Monday 9 June 2014

C++ - Evaluation Order

1. Intruduction
Evaluation order is referring to the evaluation sequence of function arguments or operator arguments. It should not be confused with the left-to-right/right-to-left associativity of operators. And it should not be confused with operator precedence either.

Example 1: concepts
//**********************************************************
double Root(double);
double Square(double);
double Cubic(doubel);

void Foo() {
    double x = Root(2)*Square(4)*Cubic(5); // expression 1
    double y = Root(2)*Square(4)+Cubic(5); // expression 2
    // .......
}
//**********************************************************

Evaluation order: the evaluation sequence of functions in the expression - which function Root(2), Square(4) or Cubic(5) is evaluated first, second and last, as shown in expression 1 and 2 in Example 1.
Associativity of operators: multiply the left two first or the right two first in expression 1 in Example 1.
Operator precedence: do the multiplication first then addition in expression 2 in Example 1.
For more details about these concepts please refer to [1], [2] and [3].

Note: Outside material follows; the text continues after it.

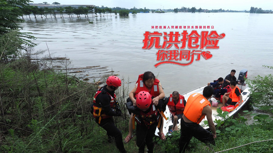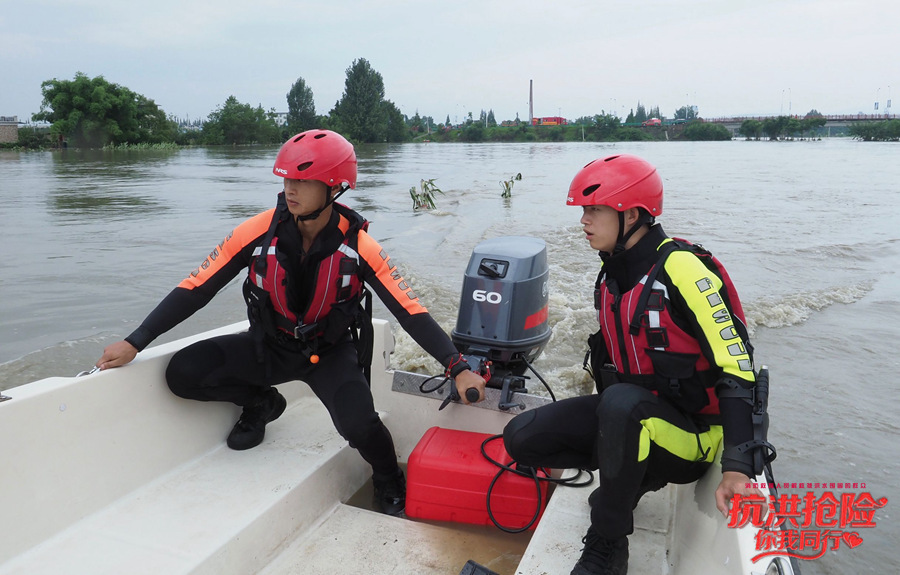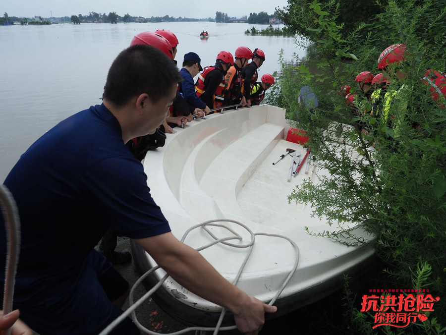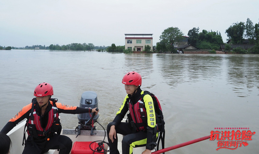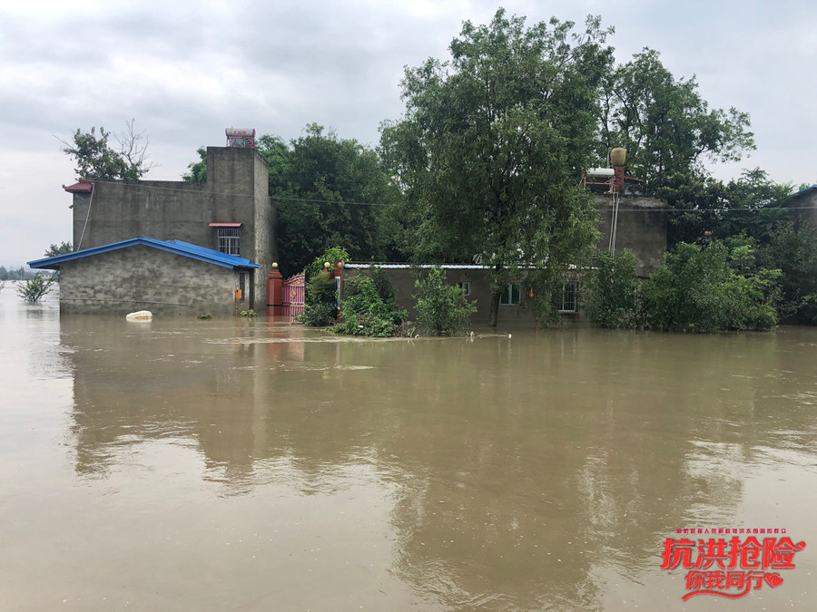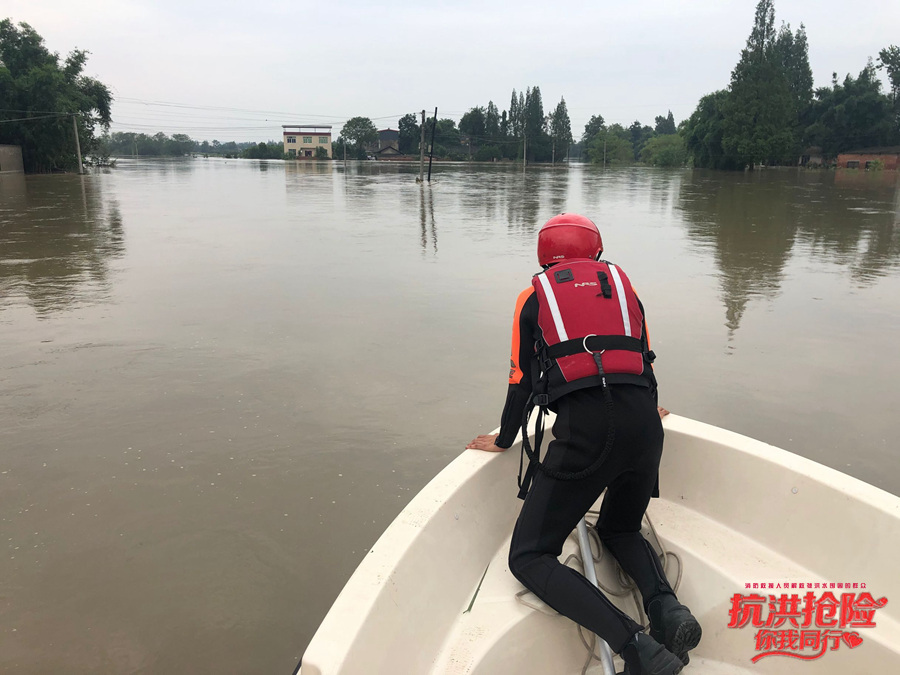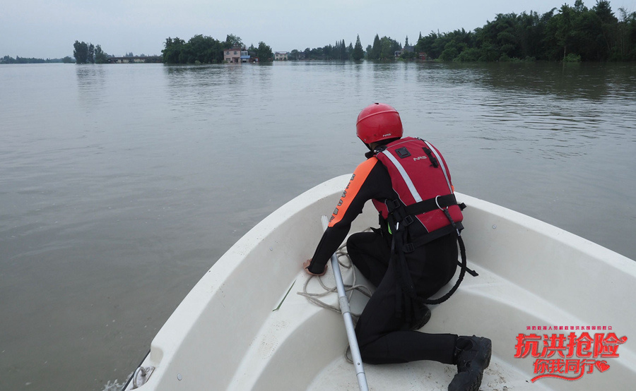 8月17日中午,记者跟随消防救援人员,在金堂县清江镇搜寻解救被洪水围困的群众。

An evaluation include two parts, value evaluation and side effect. [2] provides a very good definition about these two concepts. In a simple word value evaluation is referring to what the function/operator implementation should bring to you, for example returning a value after executing the function/operator. And side effect refers to whether the state of the program/thread is changed between before and after the function/operator is called. For instance, modify the global value, manipulate the IO, modify the pass-in arguments and so on.

2 Summary of rules
For all the rules please read the Chapter 5 in C++ standard [1]. Besides [2] also provides very good summary. Here I would like reiterate what I think is important or bug-prone in my daily job.
    - The evaluation order of function arguments is unspecified. The order of calling the function this time could be different from calling the function the next time.
    - The evaluation order of operator arguments is unspecified too. The same as function arguments.
    - Exception for logic operator "&&" and "||". The evaluation order is specified, in the left-to-right order.
    - Operator "?:", the first expression is evaluated and its side effect takes into force before the second and third.
    - Use initializer-list, {}-list, to initialize the object to guarantee the evaluation order, in the left-to-right order element by element.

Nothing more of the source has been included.